Featured Investigation
Covid vs. Climate Modeling:
Cloudy With a Chance of Politics

If computer models projecting the near-term future of the coronavirus pandemic were so wrong, what does that mean for the far more complicated climate computer models predicting the far-off future of the entire planet?

As Eric Felten reports for RealClearInvestigations, quoting a range of experts worldwide, it means that people at the very least need to curb their enthusiasm for such predictions and be mindful of the policy goals -- i.e., politics -- behind them.

Felten writes:

  • Influential computer models from Imperial College London and the University of Washington were badly off in projecting the course of the pandemic. Yet political leaders followed them -- to the detriment of many.
  • Some said virus modeling saved lives by changing behavior. But that almost sounds like an argument for the politicization of science, from the coronavirus to climate change.
  • Models are easily oversold with the impression of specificity. As one statistician told RealClearInvestigations, specific estimates -- 10,243 deaths, to take a recent example -- are a tipoff to the "fallacy of misplaced concreteness."
  • In this, climate modeling and virus modeling are similar.
  • But climate models have a leg up on virus models because they've been tested for decades.
  • On the other hand, climate models do not confine themselves to a single phenomenon -- meaning more room for error. They factor in numerous submodels, each with its own uncertainties.
  • Also, climate models get adjusted along the way, creating an appearance of accuracy. It's not done chaotically, as the epidemic model revisions have been, but rather in a systematic way that has been kept somewhat undercover.
  • The climate model revisions are called "tuning," and were discussed in "The Art and Science of Climate Model Tuning" by over a dozen climatologists in the Bulletin of the American Meteorological Society in 2017.
  • Some climate scientists deny that COVID-19 models and climate models are anything alike: "The former are empirical models driven by incomplete data; climate models are based on fundamental laws of physics and thermodynamics."
  • But whether it's epidemiology or climate, a University of Sydney statistician says: "The data science community in particular needs a little more humility. It needs to hose down claims about Big Data being a crystal ball."

Investigative Issues:
Here's an Excerpt From My Covid E-Book
That Was Quarantined by Amazon

In a column for RCI's "Investigative Issues" feature, ex-New York Times journalist Alex Berenson offers an account of Amazon's censorship of his against-the-grain COVID-19 e-book -- and an excerpt from the book itself. The online retailer reversed itself this week amid an outcry from the likes of SpaceX CEO Elon Musk and journalist Glenn Greenwald.

Highlights from Berenson:

  • He has developed a wide following on Twitter for detailed posts that challenge some mainstream reporting and government declarations about COVID-19.
  • Sensing demand for a more accessible work, Berenson wrote the first of planned series of e-books: "Unreported Truths about COVID-19 and Lockdowns Part 1: Introduction and Death Counts and Estimates."
  • He created covers for both the 6,500-word e-book and a paperback version this week, and uploaded the book.
  • On Thursday, he found a note from Amazon in his inbox, saying the book was being withheld because it "does not comply with our guidelines" -- and that Amazon customers were being referred to "official" sources on the virus.
  • Amazon did not offer Berenson any route to appeal.
  • But after an outcry on Twitter (Musk: "This is insane @JeffBezos"), Amazon reversed itself, acknowledging an "error" without elaboration.
  • Berenson writes that if Amazon "denies its readers a chance to see my work, I will lose the chance to reach the people who most need to learn the truth - those who don't already know it."

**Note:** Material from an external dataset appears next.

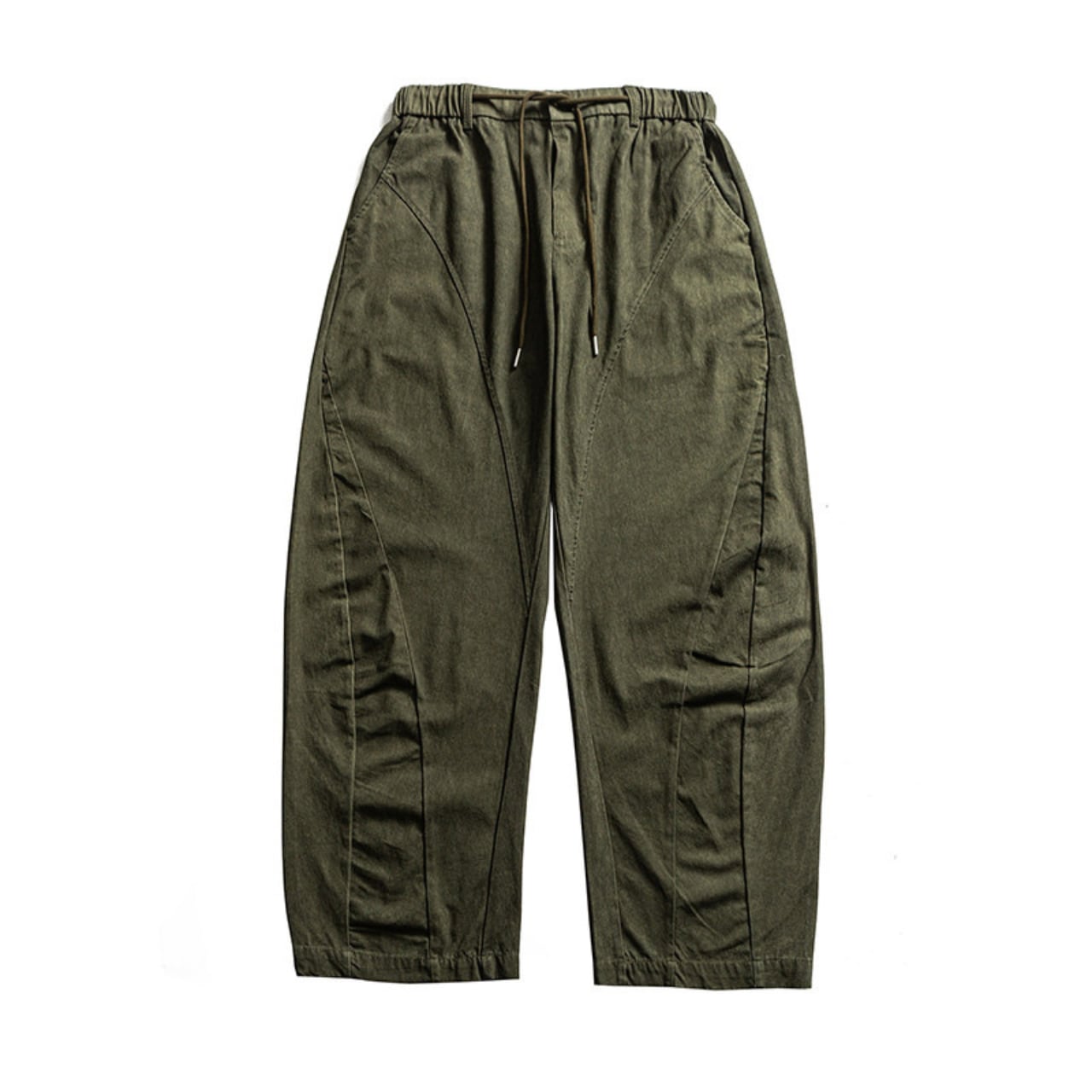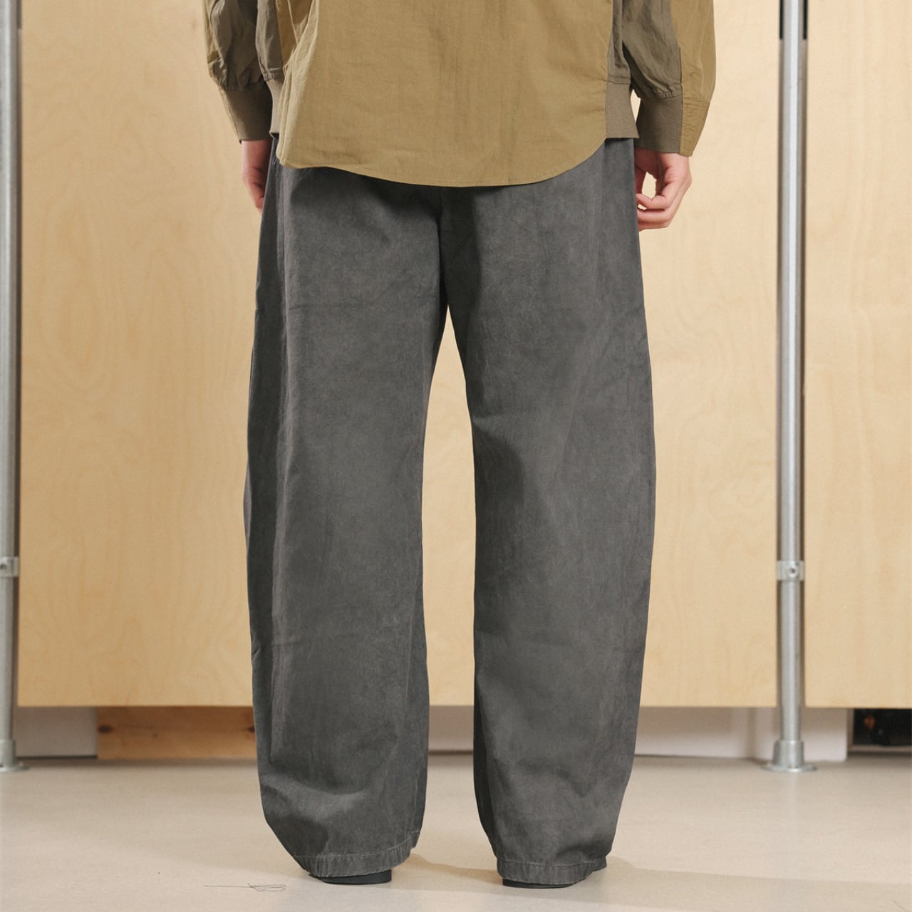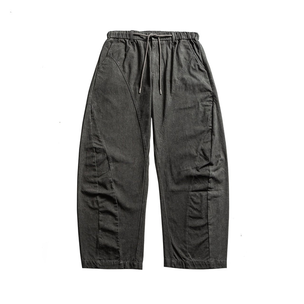 立体感のある曲線的なパネル切替が特徴的なワイドシルエットパンツ。タテ落ち感のあるピグメント染めコットン生地は、穿き込むほどに味が出る風合いに。程よい厚みと柔らかさがあり、オールシーズン活躍できる一本。

Quote from the book excerpt:

For now, the crucial point is this: randomized antibody tests from all over the world have repeatedly shown many more people have been infected with coronavirus than is revealed by tests for active infection. Many people who are infected with SARS-COV-2 don't even know it. So the hidden part of the iceberg is huge.

More Coronavirus Investigations

Studies on Hydroxychloroquine Risks Pulled
Wall Street Journal
Top medical journals this week retracted major studies casting doubt on the ability of anti-malaria drugs championed by President Trump to treat COVID-19 patients. Both were based on data from a little-known Chicago company, Surgisphere Corp. The British medical journal The Lancet first pulled a study that found chloroquine and hydroxychloroquine provided no benefit as a covid treatment while increasing the risk of heart problems and death. The New England Journal of Medicine then retracted a separate article, published in early May, that examined the impact of cardiovascular and blood-pressure drugs in COVID-19 patients. The Lancet acted after more than 100 scientists and clinicians questioned the authenticity of a massive hospital database behind the influential study. In a separate article,the Guardian reportsthat the World Health Oorganization and a number of countries have changed their COVID-19 policies guided by flawed data from Surgisphere.

Top U.S. Corona Hot Spots Are All Native American Lands
New York Times
If Native American tribes were counted as states, the five most infected states in the country would all be native tribes, according toa compilationby the American Indian Studies Center at UCLA. One tribe, the Navajo, have had more people infected with the coronavirus per capita than any state in the country. Many Navajo live crowded in small homes where social distancing is impossible, and 40 percent of those on the reservation lack running water. That makes hand-washing difficult, and it leads families to cluster in laundromats. Even before this pandemic, Navajo had a shorter life expectancy (72) than people in Guatemala (74) — and now COVID-19 is hitting Native Americans with particular force.

U.S. Nursing Home Deaths: 26,000
Wall Street Journal
The first major federal effort to count coronavirus deaths in nursing homes tallied around 26,000, a total likely short of the full toll since 20% of nursing homes did not report the required data. A Wall Street Journal tally counted more than 42,000 covid-related deaths in long-term care facilities, along with more than 200,000 cases. This, too, likely undercounts the outbreak due to reporting lags and incomplete information from some states. In total, more than 104,000 deaths nationwide are linked to COVID-19, according to a count by Johns Hopkins University.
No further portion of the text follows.